We were talking, laughing, and holding hands all the way to the car. He put the bear in the car, took my hand back in his, leading us back to the amusement park. I stopped moving and he paused too. He asked if I was okay, and I jumped on him. He immediately caught me as we giggled. Hand on my thighs, holding me securely as my legs wrapped around him. I squeezed him tightly in a hug, pulled back, staring deeply into his eyes. He has such beautiful eyes. ‘I love you’, I said.
His shock was adorable. He blinked several times, probably confused and trying to be sure he heard me correctly. I said it again and kissed him. He gently put me down, held my face and kissed me deeper. ‘I can’t believe you said it first’. His smile was so heartwarming. I was so happy to be the one that said it first. If not for anything but for that smile.

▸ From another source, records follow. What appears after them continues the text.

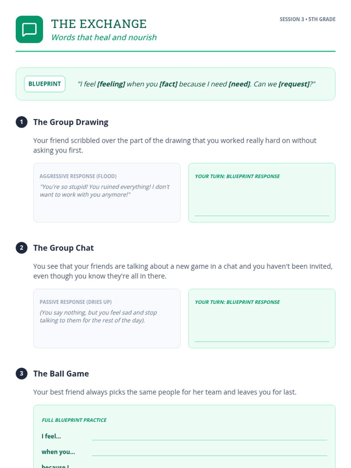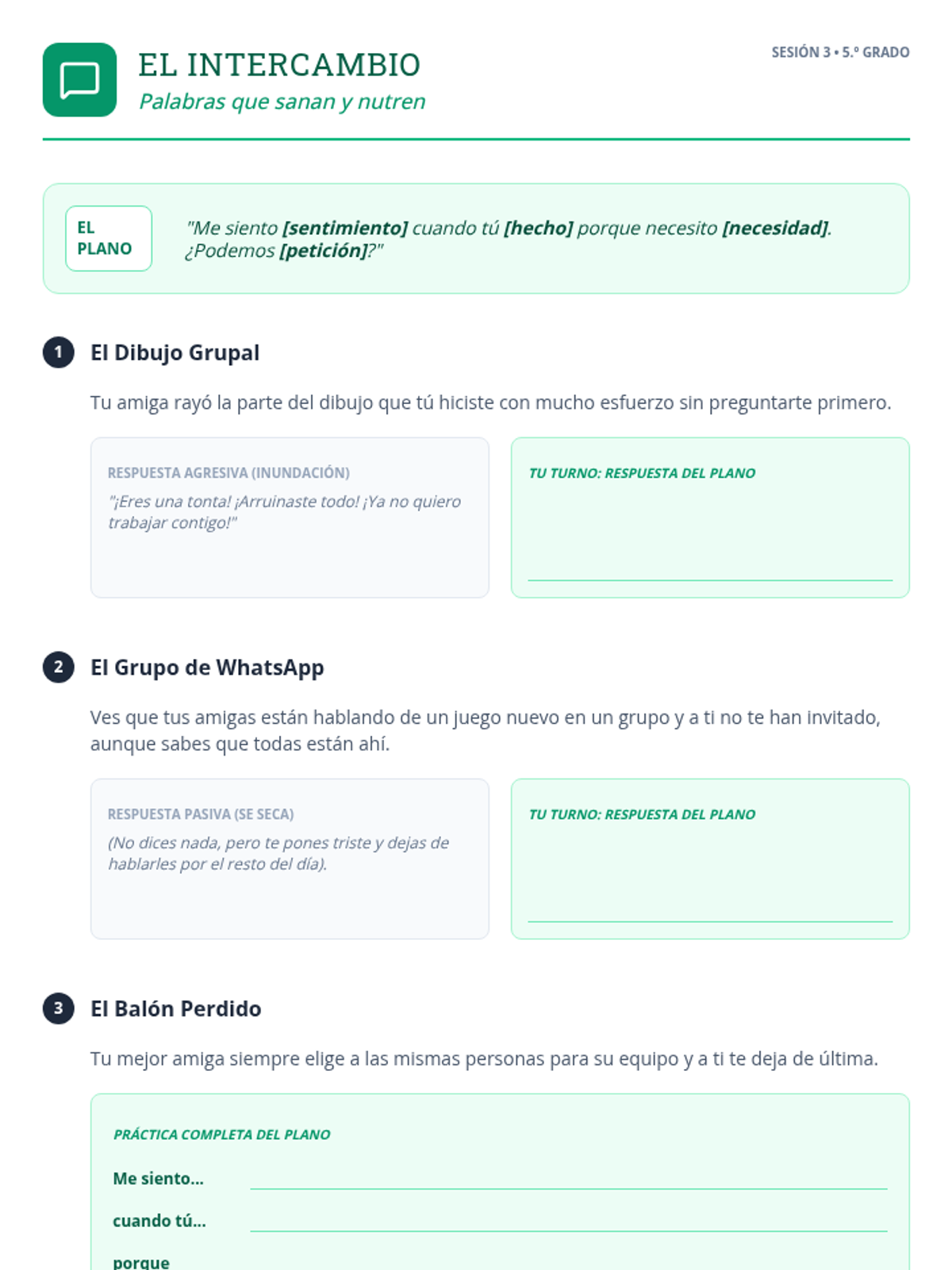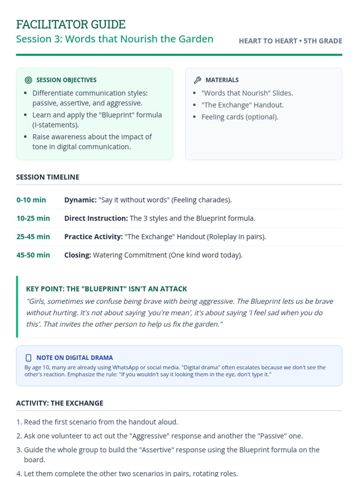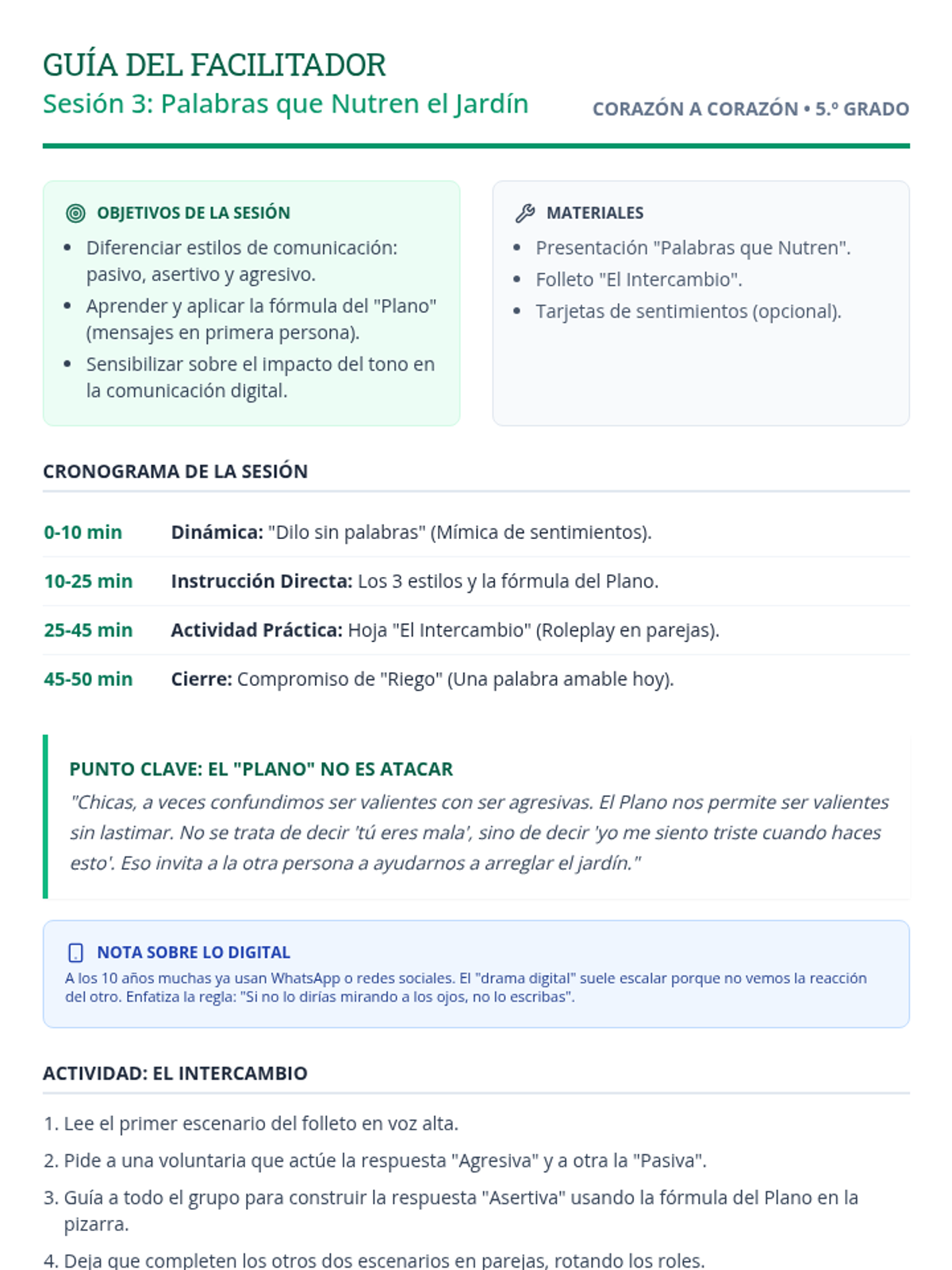 Se introduce la comunicación amable y asertiva, enseñando a las niñas a usar palabras que "rieguen" sus amistades en lugar de dañarlas, tanto en persona como en línea.
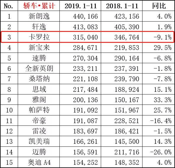 2019年,基于丰田全新TNGA架构打造的第12代卡罗拉问世,如今的它以3万多的销量居轿车榜单第3,仅落后于新朗逸和新轩逸,也许这两款车型将是卡罗拉永远难以逾越的"高峰"了。
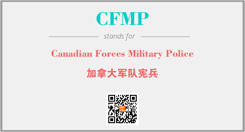 上述内容是“Canadian Forces Military Police”作为“CFMP”的缩写,解释为“加拿大军队宪兵”时的信息,以及英文缩略词CFMP所代表的英文单词,其对应的中文拼音、详细解释以及在英文中的流行度和相关分类、应用领域及应用示例等。
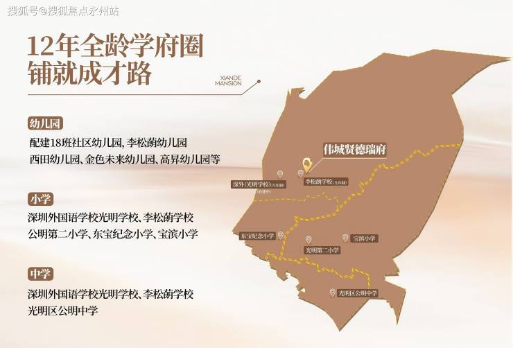 项目第二个最大的优势就是这里的教育资源会比较好,楼下就有李松朗学校,距离1km左右这样,有四大名校直属的深外光明分校,这是四大名校之一的9年一贯制学校。一共有54个班。
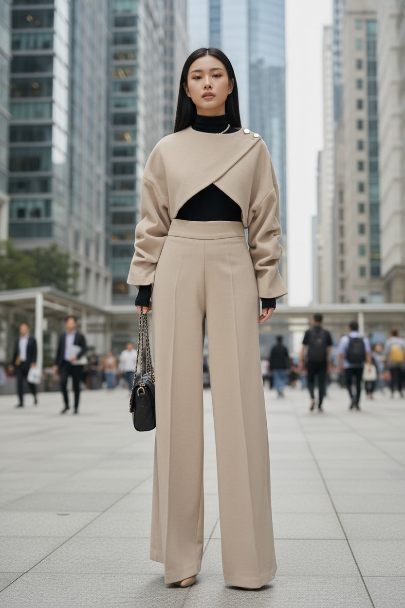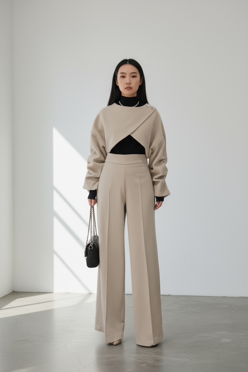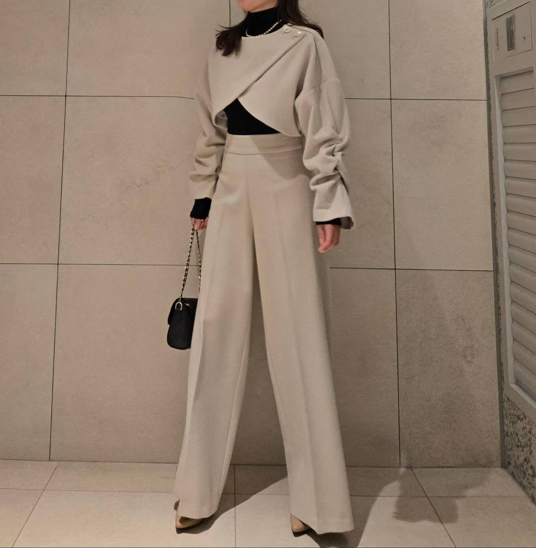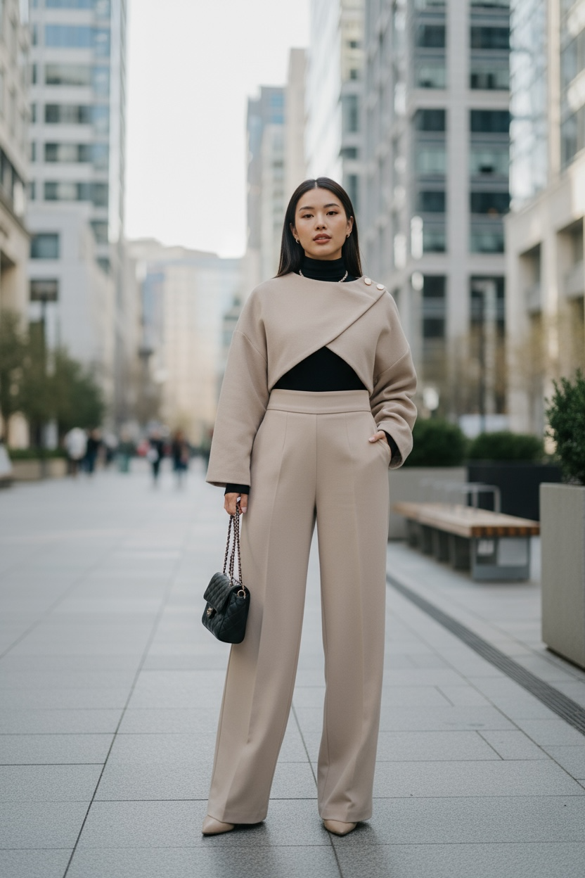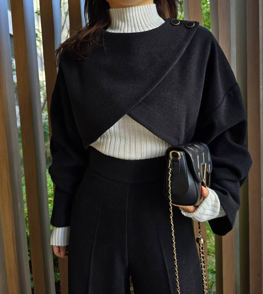 內搭高領上衣,保暖又有層次感,營造俐落時髦氛圍。
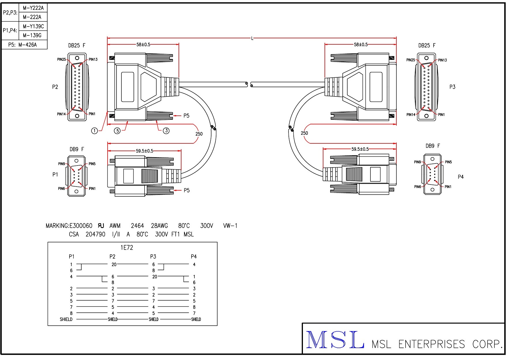 | Wire specification | UL2464 #28 7C+AE OD5.0 ( EMAL2807C-142) |
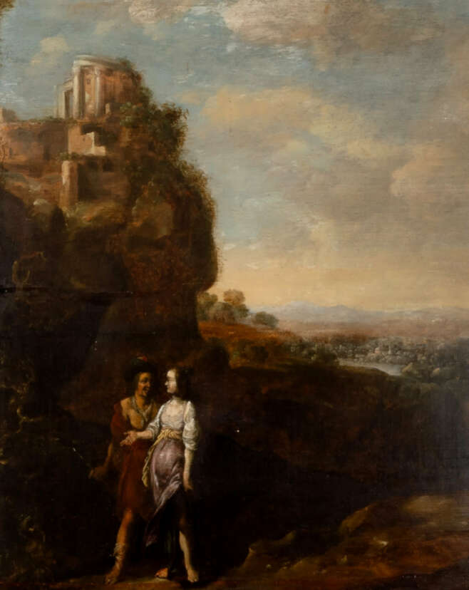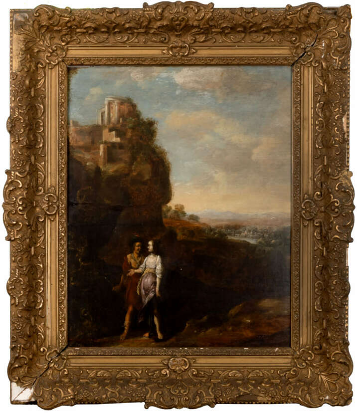 Paar in arkadischer Landschaft, Öl auf Holzplatte, 53 x 45 cm Plattenmaß, reinigungsbedürftig, partiell retuschiert, Platte restauriert, partiell gerissen, reinigungsbedürftig
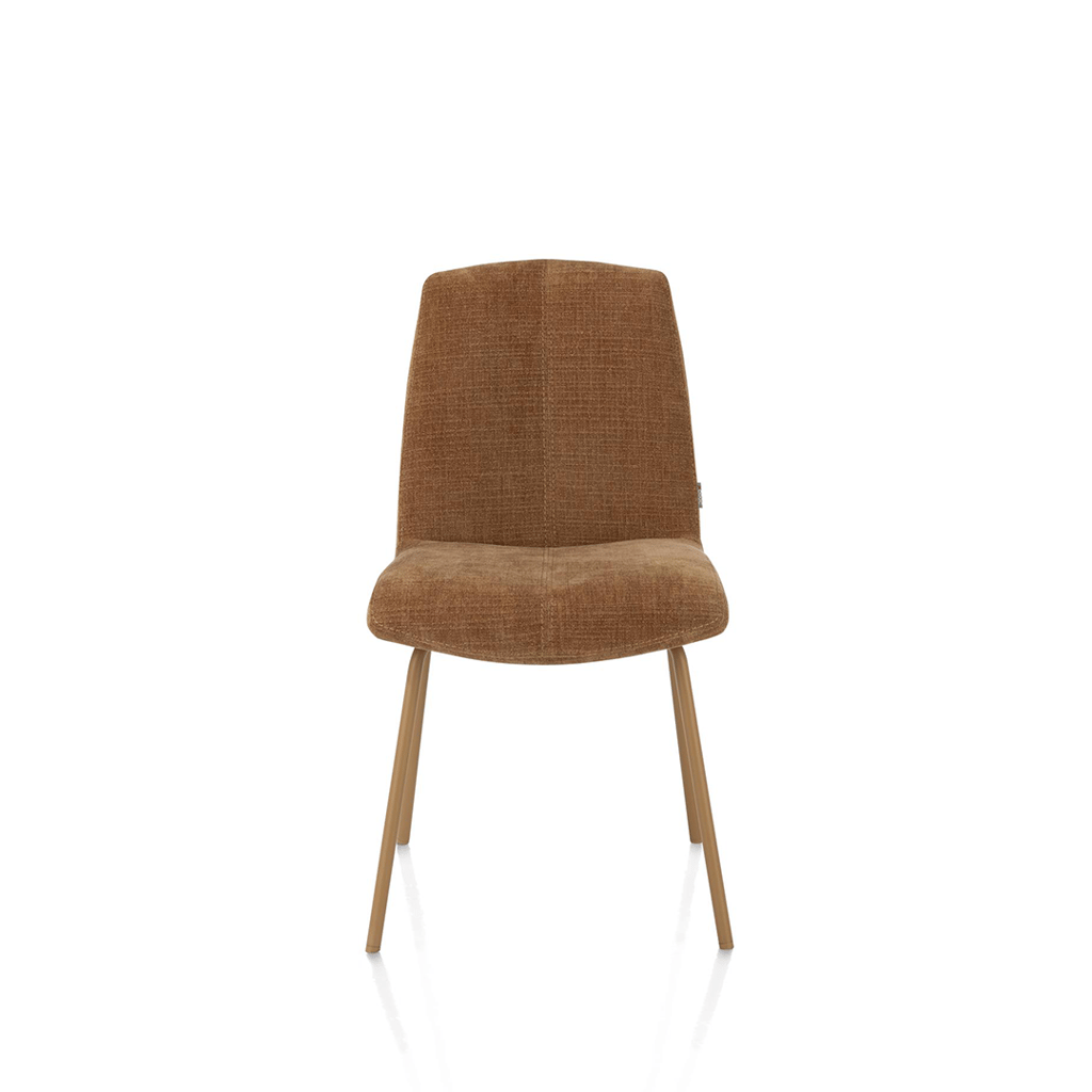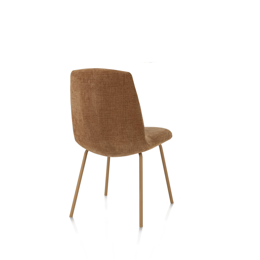 Filipo is verkrijgbaar in verschillende kleuren (koper, crème, olijf) en texturen binnen de Cadiz-stoflijn, zodat je de stoel kunt afstemmen op jouw smaak en interieur. Het metalen frame is op subtiele wijze afgestemd (tone-in-tone) om een harmonieus geheel te vormen.

That was the first of many I love yous.
I have not stopped loving him ever since. No matter the anger or sadness, I still love him. No matter the season we are in, whether good or bad, I still love him. He has never made me regret deciding to do life with him, and I have made sure to always show him how much I love him.
A love like this is rare and true. To have someone so addicted to you that he can’t stop touching you. To have someone that truly listens, that pays attention and understands you. To have someone that loves you in the way that you need and desire to be loved. To have someone that isn’t scared of loving you. To have someone that isn’t ashamed of you, but loves you loudly and proudly. To have someone who you don’t doubt their feelings for you.
A love like this is rare and true, and I wish it on you.